In Kentucky, Slaughter v. Froman, 5 Mon., 19; Carroll v. Connet, 2 J. J. Marsh., 195; Graves v. Downey, 3 Mon., 353; *434Lawrence v. Lawrence, 6 Litt., 123. In Virginia, Coleman v. McMurdo, 5 Rand., 51. In Alabama, Chamberlain v. Bates, 11 Ala., 550; Swink v. Snodgrass, 17 Id. N. S., 653; Nolly v. Wilkins, 11 Id., 872. In Mississippi, Byrd v. Holloway, 6 Smedes & M., 323; Prosser v. Kirby, 1 How. Miss., 87; Stubblefield v. McRaven, 5 Smedes & M., 130. In South Carolina, Smith v. Carrere, 1 Rich. Eq., 123, in which this court says, “ This is founded on the nature of his commission, which gives him title only to the goods which remain unadministered.” In Georgia, Thomas v. Hardwick, 1 Kelly, 78; Paschal v. Davis, 3 Kelly, 256, it was held to be the rule of the common law that an administrator de bonis non was entitled only to the goods which remain in specie, and to debts due the decedent which remain unpaid, in Oglesby v. Gilmore, 5 Geo., 56; Hardwick v. Thomas, 10 Id., 266; Gilbert v. Hardwick, 11 Id., 599,
In Pennsylvania, it was held that an administrator de bonis non, could only claim the goods of the testator remaining in specie; that the collection of the testator’s debts, or a sale of his goods by the executor, is an administration of them, and precludes the administrator de bonis non from claiming any right to them or their proceeds—that they are not embraced in this commission, which is for the administration of the goods, and which were of the testator remaining unadministered (Potts v. Smith, 3 Rawle, 361). In Indiana, it is held that an administrator de bonis non could not maintain an action against the first administrator for a devastavit; that the action would only lie in favor of the creditors and distributors of the intestate (Young v. Kimball, 8 Blackf., 167). In Illinois, it was held that an administrator de bonis non cannot compel,the personal representatives of a deceased administrator to account for assets already administered upon, and that the creditors and distributees of the first intestate alone could maintain the action (Marsh v. People, 15 Ill., 285; Rowan v. Kirkpatrick, 14 Id., 1; Newkall v. Turney, 14 Id., 338).

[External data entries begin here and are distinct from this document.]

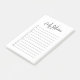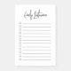 Moderno, simples de fazer lista personalizada de bloco de notas com nome. Cabeçalho de nome de script de tendência casual com 12 linhas de tarefa com caixas de seleção. Texto preto sobre fundo branco.
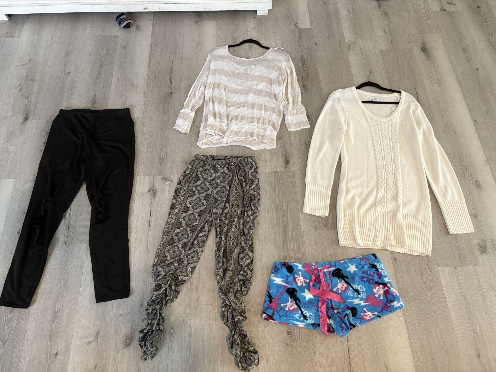Sweater dress Tan top with lace back Brown pants Black leggings with slits Soft shorts
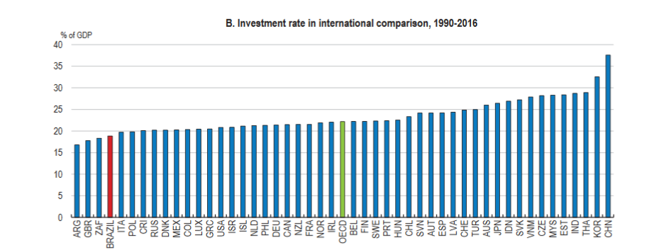 As the earlier WEF Chart highlighted, improvements in the business climate, e.g. reducing government corruption (Brazil ranks dead last when it comes to the public’s trust in politicians, think about that!), crime, and deregulation will be important in order to boost Brazil’s very low-level of business investment.
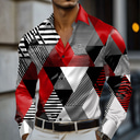 Men's Geometric Color Block Shirt Satin Shirt Dress Shirt Long Sleeve Fashion Casual Vacation Dailywear Summer Spring Fall Turndown 3D Print Button Up Shirts Red Blue Purple Green |

These authorities are sufficiently numerous and respectable to relieve the doctrine which they establish from the charge of absurdity, and where it is known that a single action in favor of all the creditors, legatees, or distributors of the person whom the administrator de bonis non represents, or in favor of only *435one of these prosecuting for himself, and all others who should choose to come in and be made parties to the action, would accomplish the same object which an action by the administrator de bonis non would bring about, if he could maintain the action, there would seem to be no very good reason for conferí ng the right of action upon the, latter. I shall assume that the common law rule was as it is stated to be by die cases cited, and proceed to examine our statute for the purpose of ascertaining whether it has been changed in this State. The statute already cited, 3 Rev. Stat., 5th ed., § 6, which provides that the executors and administrators of every person who, as executor, either of right or in his own wrong, or. as administrator, shall have wasted, or converted to his own use, any goods, chattels or estate of any deceased person, shall be chargeable in the same manner as their testator or intestate would have been, if living.” It confers no right of action upon the testator de bonis non of the deceased owner of the goods. The first executor or administrator was chargeable when living only by the creditors, legatees or distributees of the deceased owner, and as the executor or administrator of the first executor or administrator is only chargeable for a devastavit by him, in the same manner as his testator or intestate would have been if living, the inference is irresistible that the administrator de bonis non cannot maintain an action for such devastavit.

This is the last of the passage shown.